Training Pipeline
DBSprout can fine-tune a small local model on a sample of your real data, then generate from that adapter with the spec engine — without sending data to a cloud provider.
Install
pip install "dbsprout[llm]"
# plus a training backend: Unsloth (CUDA) or MLX (Apple Silicon)
End-to-End
The top-level command runs all three stages in sequence:
dbsprout train --db postgresql://localhost/myapp --sample-rows 1000 --epochs 3 --output .dbsprout
| Option | Description | Default |
|---|---|---|
--db | Live database URL to sample (env: DBSPROUT_TARGET_DB) | — |
--sample-rows | Rows to sample (≥ 1) | 1000 |
--epochs | Training epochs | — |
--output, -o | Base directory for artifacts | .dbsprout |
--seed | Sampling seed | 0 |
--no-pii-redaction | Disable PII redaction before serialization | false |
--quiet | Suppress progress output | false |
Stages
Run a single stage when you need finer control:
# 1. Stratified sample from a live DB into Parquet
dbsprout train extract --db postgresql://localhost/myapp --sample-rows 1000
# 2. Serialize Parquet samples into GReaT-style JSONL
dbsprout train serialize
# 3. Fine-tune a QLoRA adapter on the serialized corpus
dbsprout train run --epochs 3
- CUDA path uses Unsloth; Apple Silicon uses MLX (auto-detected).

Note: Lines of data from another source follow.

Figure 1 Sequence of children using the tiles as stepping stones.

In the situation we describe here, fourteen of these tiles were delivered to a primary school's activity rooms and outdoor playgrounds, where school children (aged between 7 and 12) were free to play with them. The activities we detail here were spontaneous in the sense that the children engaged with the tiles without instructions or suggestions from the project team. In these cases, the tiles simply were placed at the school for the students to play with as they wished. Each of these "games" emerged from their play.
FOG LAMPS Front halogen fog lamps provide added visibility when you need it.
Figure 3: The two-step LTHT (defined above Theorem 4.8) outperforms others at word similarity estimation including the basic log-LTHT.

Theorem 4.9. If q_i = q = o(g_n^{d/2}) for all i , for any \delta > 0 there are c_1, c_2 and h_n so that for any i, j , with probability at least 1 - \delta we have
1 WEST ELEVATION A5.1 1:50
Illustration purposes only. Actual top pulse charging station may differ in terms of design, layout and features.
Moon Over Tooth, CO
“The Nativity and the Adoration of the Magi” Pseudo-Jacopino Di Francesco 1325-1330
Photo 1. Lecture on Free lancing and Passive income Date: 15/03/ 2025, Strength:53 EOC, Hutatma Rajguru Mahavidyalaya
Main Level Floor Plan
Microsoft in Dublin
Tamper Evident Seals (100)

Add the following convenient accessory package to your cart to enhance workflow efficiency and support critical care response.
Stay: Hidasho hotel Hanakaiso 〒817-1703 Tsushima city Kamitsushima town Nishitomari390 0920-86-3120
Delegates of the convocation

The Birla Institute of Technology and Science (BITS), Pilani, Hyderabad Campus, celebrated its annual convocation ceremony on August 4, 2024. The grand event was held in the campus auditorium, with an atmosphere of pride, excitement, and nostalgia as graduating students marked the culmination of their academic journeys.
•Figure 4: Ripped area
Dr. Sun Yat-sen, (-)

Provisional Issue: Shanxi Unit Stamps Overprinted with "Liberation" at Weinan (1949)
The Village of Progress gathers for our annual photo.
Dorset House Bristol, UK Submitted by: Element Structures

- Output includes a merged GGUF (Q4_K_M) adapter usable by the spec engine.
Privacy
PII values are redacted before serialization by default. Pass
--no-pii-redaction only for non-sensitive data. Differential-privacy SGD
(Opacus) is available on the CUDA backend; the pipeline summary reports the
achieved (epsilon, delta).
Generating From the Adapter
dbsprout generate --engine spec --lora ./.dbsprout/adapter.gguf
Adapters hot-swap without restarting — see Data Generation.